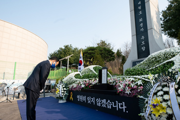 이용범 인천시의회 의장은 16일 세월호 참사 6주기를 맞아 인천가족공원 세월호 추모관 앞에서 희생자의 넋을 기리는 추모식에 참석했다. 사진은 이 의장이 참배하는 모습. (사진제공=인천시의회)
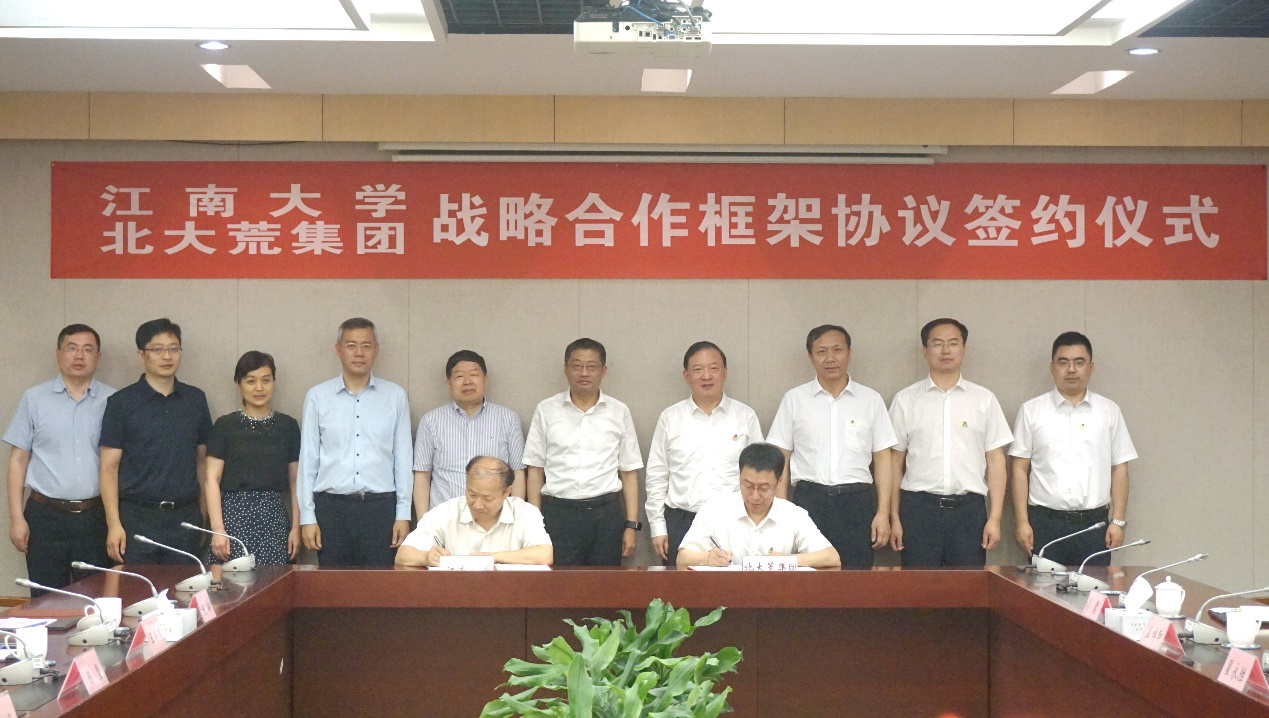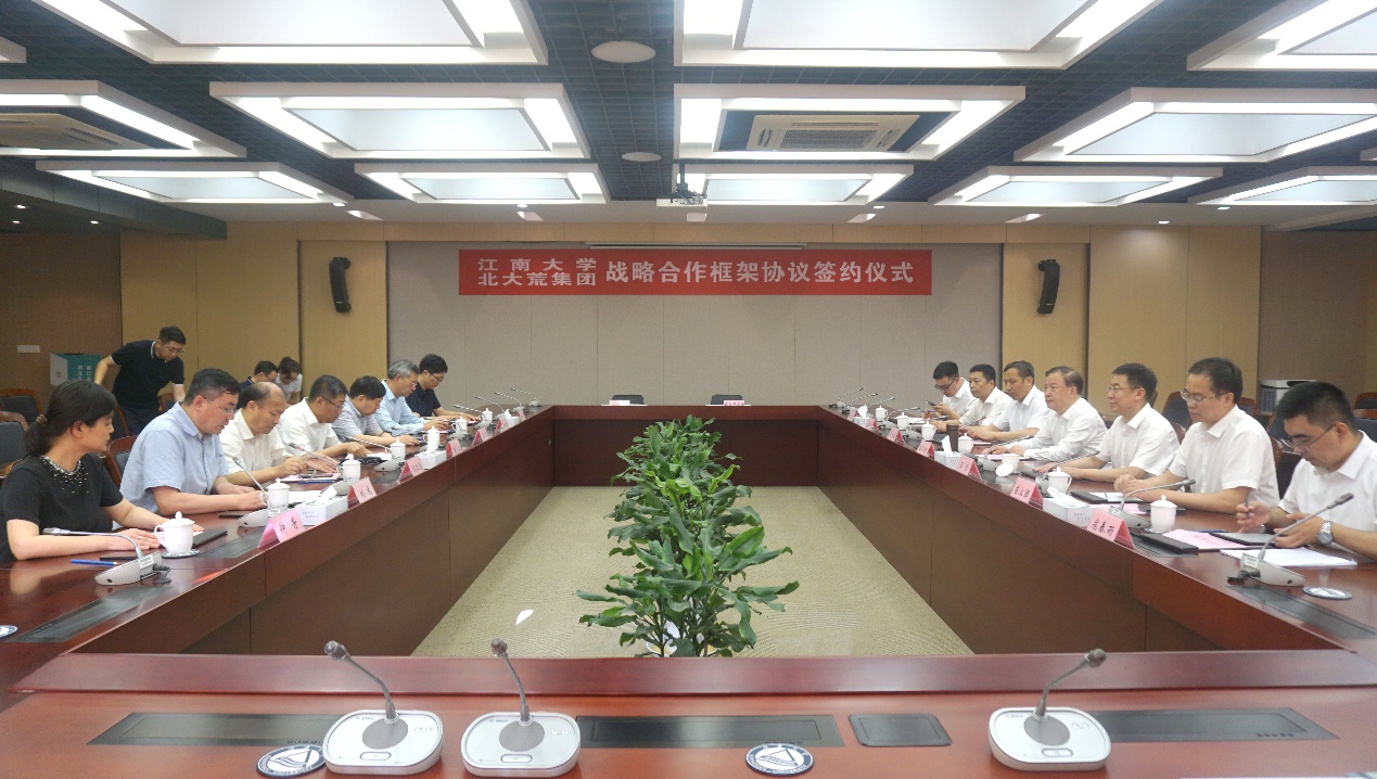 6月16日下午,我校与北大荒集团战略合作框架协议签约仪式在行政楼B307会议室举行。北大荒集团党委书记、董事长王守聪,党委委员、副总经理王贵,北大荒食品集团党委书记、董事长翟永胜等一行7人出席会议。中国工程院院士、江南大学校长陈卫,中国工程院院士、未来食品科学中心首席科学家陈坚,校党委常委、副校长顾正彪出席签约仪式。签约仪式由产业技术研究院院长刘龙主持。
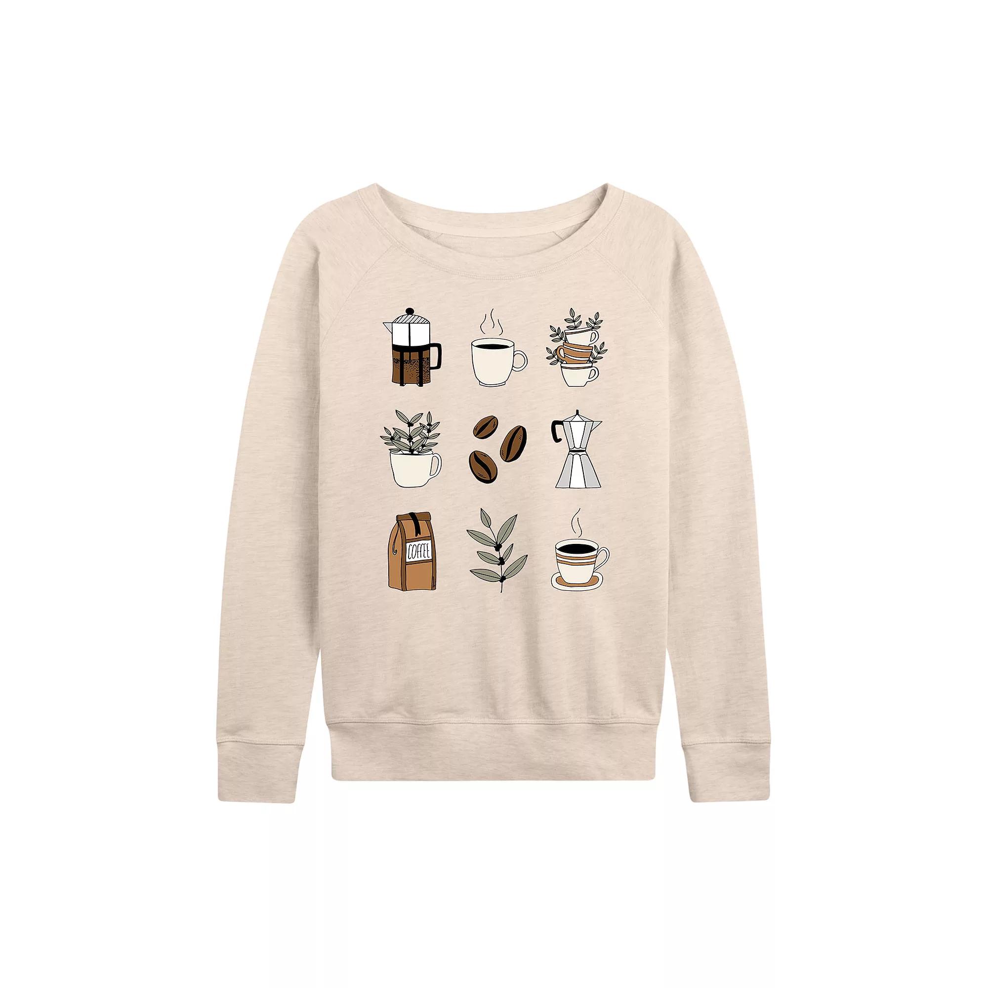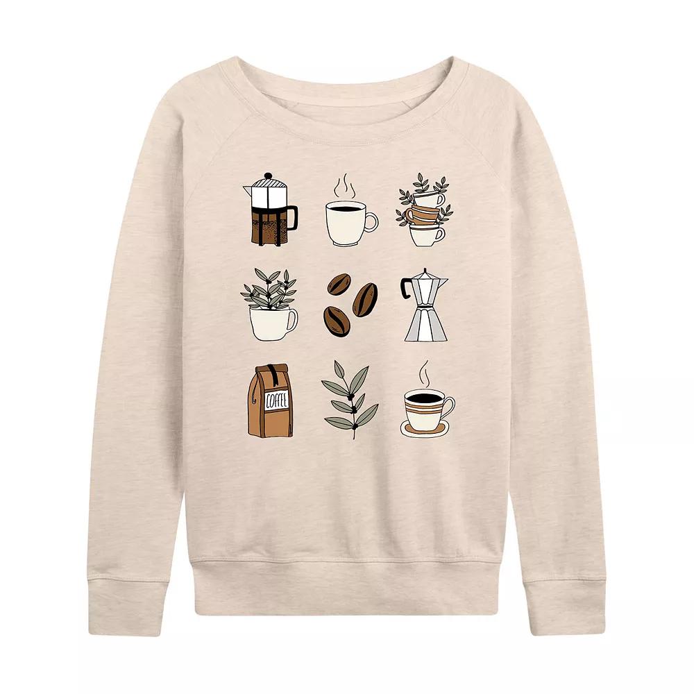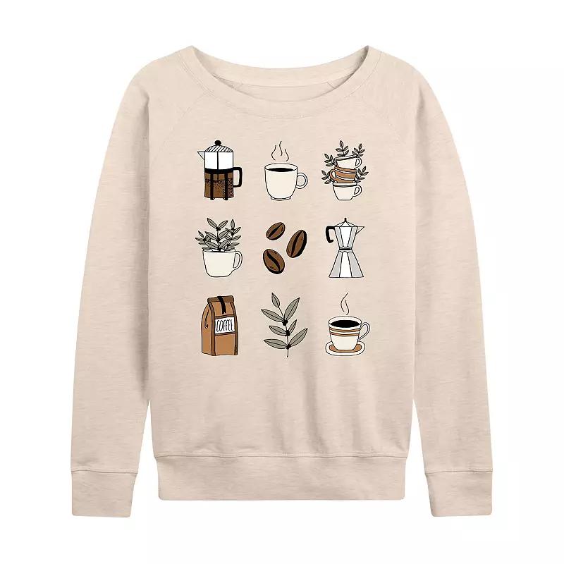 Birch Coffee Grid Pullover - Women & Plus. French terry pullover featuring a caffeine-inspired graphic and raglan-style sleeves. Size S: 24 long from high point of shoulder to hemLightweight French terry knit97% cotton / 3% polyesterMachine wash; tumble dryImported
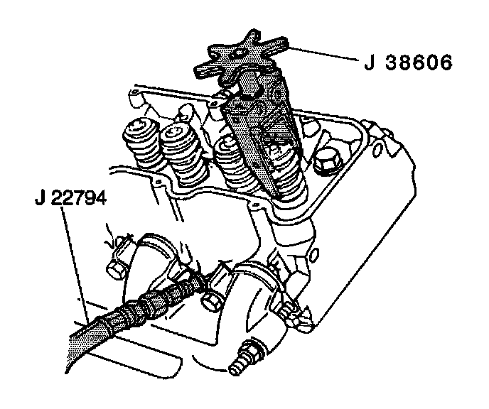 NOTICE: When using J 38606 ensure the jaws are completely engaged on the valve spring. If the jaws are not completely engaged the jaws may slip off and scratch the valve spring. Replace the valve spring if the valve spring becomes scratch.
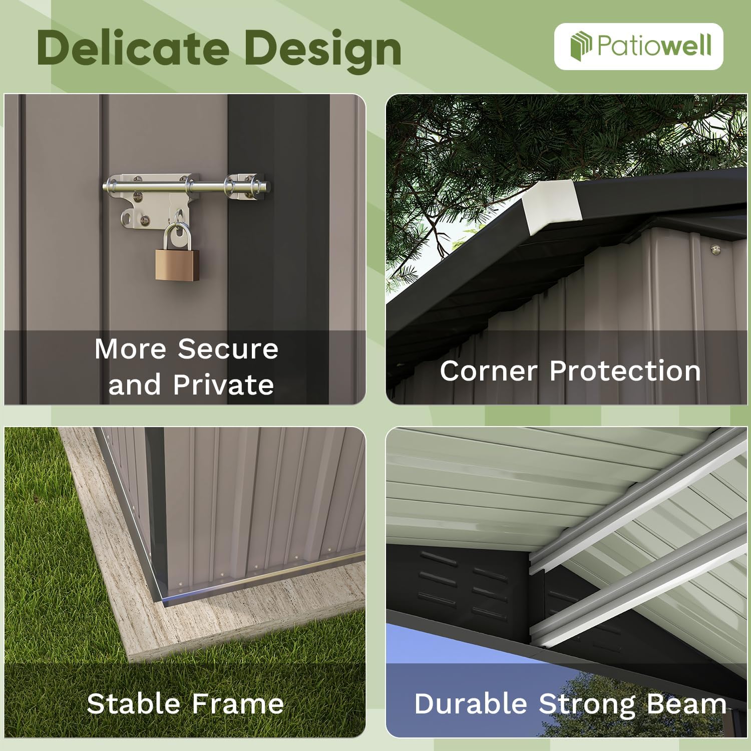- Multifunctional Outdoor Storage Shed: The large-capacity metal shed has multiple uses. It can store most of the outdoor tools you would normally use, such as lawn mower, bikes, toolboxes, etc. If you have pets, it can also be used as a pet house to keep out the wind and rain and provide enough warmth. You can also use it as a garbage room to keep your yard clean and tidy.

- [What you are asked to do] Within the data above, repeat exactly the lines from the one bearing "6月16日下午,我校与北大荒" through the one bearing "NOTICE: When using". Include no pictures and nothing else.

- [The completed task]
 6月16日下午,我校与北大荒集团战略合作框架协议签约仪式在行政楼B307会议室举行。北大荒集团党委书记、董事长王守聪,党委委员、副总经理王贵,北大荒食品集团党委书记、董事长翟永胜等一行7人出席会议。中国工程院院士、江南大学校长陈卫,中国工程院院士、未来食品科学中心首席科学家陈坚,校党委常委、副校长顾正彪出席签约仪式。签约仪式由产业技术研究院院长刘龙主持。
 Birch Coffee Grid Pullover - Women & Plus. French terry pullover featuring a caffeine-inspired graphic and raglan-style sleeves. Size S: 24 long from high point of shoulder to hemLightweight French terry knit97% cotton / 3% polyesterMachine wash; tumble dryImported
 NOTICE: When using J 38606 ensure the jaws are completely engaged on the valve spring. If the jaws are not completely engaged the jaws may slip off and scratch the valve spring. Replace the valve spring if the valve spring becomes scratch.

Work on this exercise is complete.